CANADA_PROVINCE Provinces and territories via CANADA_PROVINCE_LOOKUP (names, abbreviations, common short forms).

Dictionary keys and files

Dictionary key Match type Typical file Drives tag
CANADA_ADDRESS_KEYWORD Fuzzy canada_address_keyword.txt CANADA_ADDRESS
CANADA_PERSON_NAME_LOOKUP Exact canada_person_name_lookup.txt CANADA_PERSON_NAME
CANADA_CITY_LOOKUP Exact canada_city_lookup.txt CANADA_CITY
CANADA_PROVINCE_LOOKUP Exact canada_province_lookup.txt CANADA_PROVINCE

In each dictionary, set Tags (input tags) so matches associate with the right CANADA_* tag.

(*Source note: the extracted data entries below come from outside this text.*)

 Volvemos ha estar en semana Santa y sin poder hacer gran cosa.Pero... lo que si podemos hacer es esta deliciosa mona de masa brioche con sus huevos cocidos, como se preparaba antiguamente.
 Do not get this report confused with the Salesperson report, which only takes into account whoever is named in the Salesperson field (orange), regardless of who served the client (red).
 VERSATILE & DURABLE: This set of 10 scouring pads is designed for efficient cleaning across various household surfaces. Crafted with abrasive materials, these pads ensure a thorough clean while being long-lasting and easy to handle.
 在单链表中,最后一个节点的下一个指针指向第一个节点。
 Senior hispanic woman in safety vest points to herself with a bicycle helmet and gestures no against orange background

Rules and postal dependency

  • Structured rules use column-level features such as c_CANADA_ADDRESS_KEYWORD, c_CANADA_PERSON_NAME_LOOKUP, c_CANADA_CITY_LOOKUP, c_CANADA_PROVINCE_LOOKUP, and for strict address patterns c_CANADA_POSTAL_CODE_ML_MODEL. Enable the Canada structured rules you need under Discovery → Rules.
  • Unstructured rules combine these features within a word proximity window (for example address keyword + postal model). Use Discovery → Rules Mapping so outputs map to CANADA_ADDRESS, CANADA_CITY, CANADA_PROVINCE, and CANADA_PERSON_NAME.
  • If a rule requires it, enable CANADA_POSTAL_CODE (tag, model CANADA_POSTAL_CODE_ML_MODEL, and CANADA_POSTAL_CODE_KEYWORD when your rules reference it). Without the postal model, strict Canada address rules may not apply.

What to disable for Canada-first classification

US and generic detectors overlap the same signals (names, cities, states, street-style text). Leaving them enabled can produce PERSON_NAME, US_CITY, US_STATE, or US_ADDRESS alongside or instead of CANADA_* tags.

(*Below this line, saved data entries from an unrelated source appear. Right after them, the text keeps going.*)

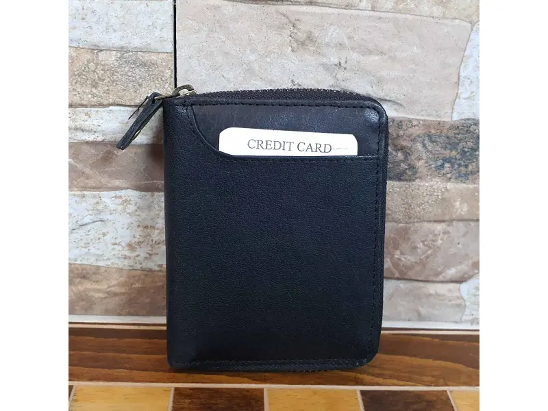 Черен визитник от естествена кожа с цип | Аксесоари (ePazar.bg)
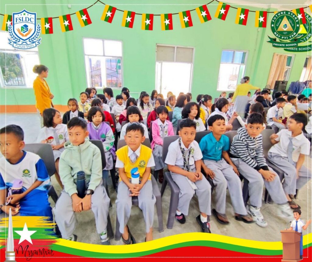 ပြည်ထောင်စုနေ့ ဆေးရောင်ခြယ် ပြိုင်ပွဲ ဆုရရှိသွားသော KG to Grade 5 Class များမှ သားသားမီးမီးများ
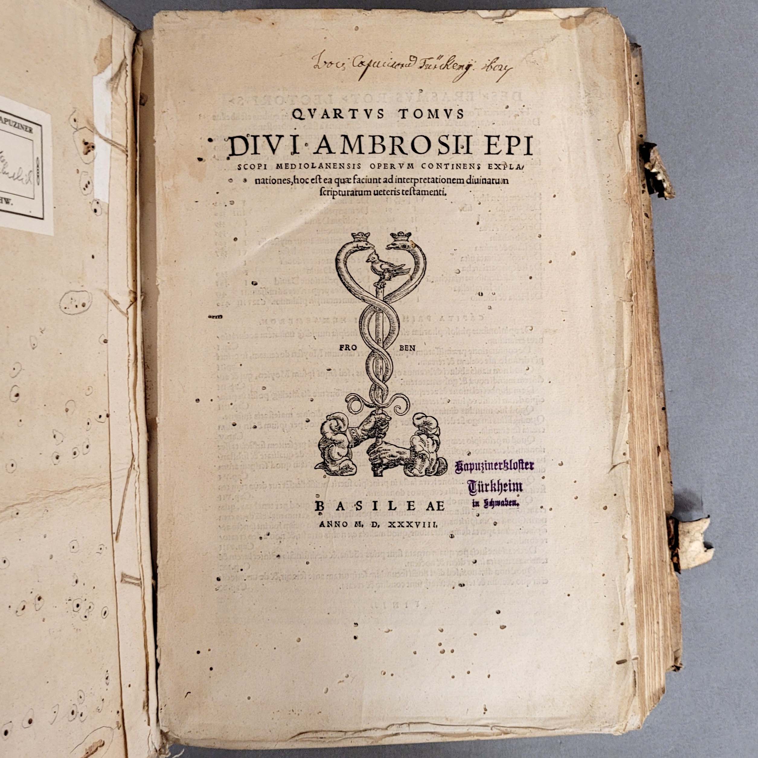 Vol IV-V (in einem Band), Basel (Froben) 1538 (geprägter Pergamenteinband über Holzdeckel der Zeit, Metallschließen fehlen, Titelblatt von Vol. IV lose, Wurmschäden aus der Bibliothek des Kapuziner-Kloster Türkheim in Schwaben)

For Canada-first scans on the same data:

  1. Tags — Disable PERSON_NAME, US_CITY, US_STATE, and US_ADDRESS when you want only CANADA_PERSON_NAME, CANADA_CITY, CANADA_PROVINCE, and CANADA_ADDRESS respectively.
  2. Dictionaries — Disable US counterparts that feed those tags (for example PERSON_NAME_LOOKUP, US_CITY_LOOKUP, US_STATE_LOOKUP, and dictionaries tied to US_ADDRESS / street-address patterns).
  3. Rules — Disable structured and unstructured rules that output the US tags above; keep Canada dictionary and model rules enabled.
  4. Models — Keep CANADA_POSTAL_CODE_ML_MODEL enabled if your Canada address rules depend on it.

Portal naming

Exact labels can vary by release. Search Tags, Dictionaries, and Rules for the names above.

Quick checklist

  • Enable CANADA_ADDRESS, CANADA_PERSON_NAME, CANADA_CITY, CANADA_PROVINCE (as needed).
  • Enable the four Canada dictionaries and link tags on each.
  • Enable Canada postal tag/model/keyword when address rules need the postal model.
  • Enable Canada rules and Rules Mapping for unstructured output.
  • Disable PERSON_NAME, US_CITY, US_STATE, US_ADDRESS (and related rules/dictionaries) when you want Canadian identifiers without US overlap.

Best Practices

  • Use Fuzzy Match for unstructured or user-generated content where spelling or word variations may occur.
  • Use Exact Match for clean, controlled and consistent data like predefined lists or official terms.
  • Use Pattern Match for structured formats and identifiers such as IDs, email addresses, or phone numbers.

Conclusion

Dictionaries in Privacera Discovery provide flexibility and control in identifying sensitive information. By leveraging the appropriate match type—fuzzy, exact, or regex—you can improve detection accuracy and enhance your data governance policies.